続いて伊藤氏は、武部氏が考案する「医療×他分野」のように、例えば「コミュニケーション×防災」や「コミュニケーション×ジャーナリズム」など、「コミュニケーション」と他分野を掛け合わせることで、世の中に対して価値が最大化できるものは何か考えていると切り出した。

「エデュケーションは、コミュニケーションの一形態だと捉えています。私の時代感覚として、メッセージやコンテンツをジャーナリスティックに伝えるのではなく、『学び』があるように届けると人は振り向いてくれるのでは。現代のメディアコンテンツは消費の対象なのでひとつのサイトに5秒とどまらないこともありますが、学ぶに値すると思ったDVDやセミナーは1時間、1時間半と聞いています。情報に『学び』があるように伝えるか否かに大きな差があると私は思います」

そして同氏は「進化する人工知能に対して人間の知性をアップデートするには、教育コンテンツが不可欠。学びのコンテンツを作ることや、世の中に届けたりすることに関心がある」と、コミュニケーションと「学び」を掛け合わせることによる将来の可能性について話した。

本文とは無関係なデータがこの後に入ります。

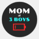 Tired Mum Of 3 Boys Mother With Three Sons Low Bat Classic Round Sticker

また、会場には矢内原氏と武部氏が共同制作した温度で色が変わるTシャツが展示されていた。38度以上になると色が変わるため、着用した患者が発熱したとき、ひと目でわかるようになる。

熱で色が変わるTシャツ

使用している繊維は、摩擦熱で文字を消せるボールペン「フリクション」の「マイクロカプセル」を応用し開発したものであり、マイクロカプセルは昭和50年にパイロット社が特許を取得している。伊藤氏は、このTシャツの例を足掛かりに、情報の伝え方について言及した。

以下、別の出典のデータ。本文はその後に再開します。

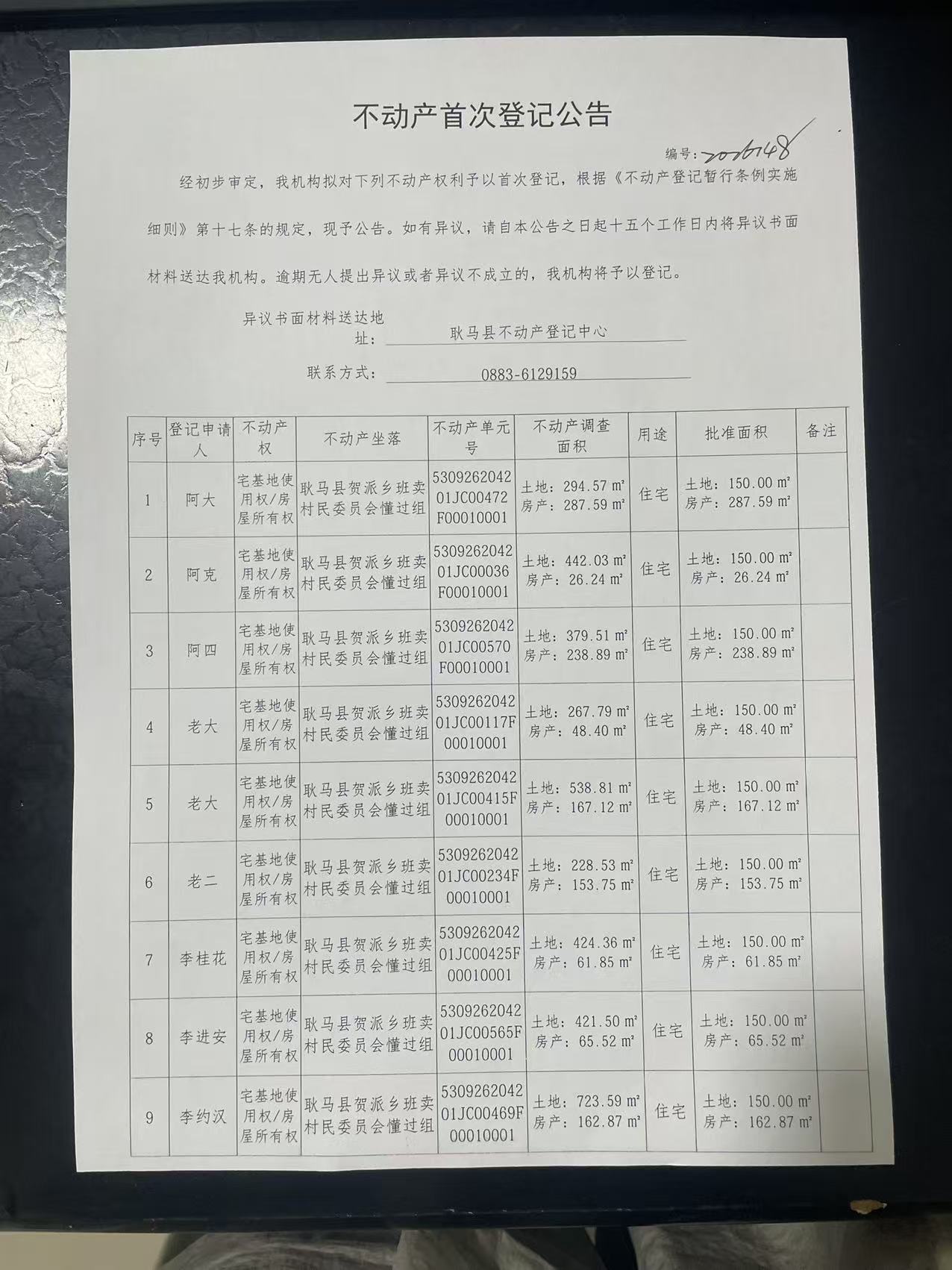 不动产首次登记公告(贺派乡班卖村懂过组42户)

「影響力の大きい知見をアカデミックは発見しているのに、まったく到達していないことがあります。3、40年前からあった技術が到達するまで時間を要したのは繊維の世界だけではありません。環境問題は30年ほど前から問題になっていましたが、今ようやく関心が広まり、大量消費だけではいけないという風潮がでてきました。そのように、学会で発見されていても、本当の意味では翻訳されていないことはたくさんあります。それらをメディアコンテンツとしてだけではなく、エデュケーショナルなコンテンツとして広く届けることで、情報の流通が変わるように思っています」

トーク後の話者3名と娘

編集後記

ファッション、医療、広告領域のプロフェッショナルである話者3名は、これまで常識とされてきた分野の課題解決へ向け、あらゆるアイデアを形にしてきた。トーク中にも話者それぞれから新しいアイデアが次々と飛び出す。その姿からは、課題の本質と実直に向き合いつつ、楽しみながら解決を目指す柔軟性がうかがい知れた。

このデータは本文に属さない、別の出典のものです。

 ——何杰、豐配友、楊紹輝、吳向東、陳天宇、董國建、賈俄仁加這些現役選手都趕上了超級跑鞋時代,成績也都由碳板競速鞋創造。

また、実際の会話だけでなく、デザインやクリエイティブをコミュニケーションとしてとらえたとき、見た目の格好良さだけはない「受け取り手に何が伝わるか」を考えることの重要さをあらためて実感した。これにより、発信者のアプローチ方法は大きく異なるだろう。一人ひとりが専門とする分野を飛び越え、さらに何ができるのか。すでに完成した分野が新たな可能性を広げるヒントが詰まっていた。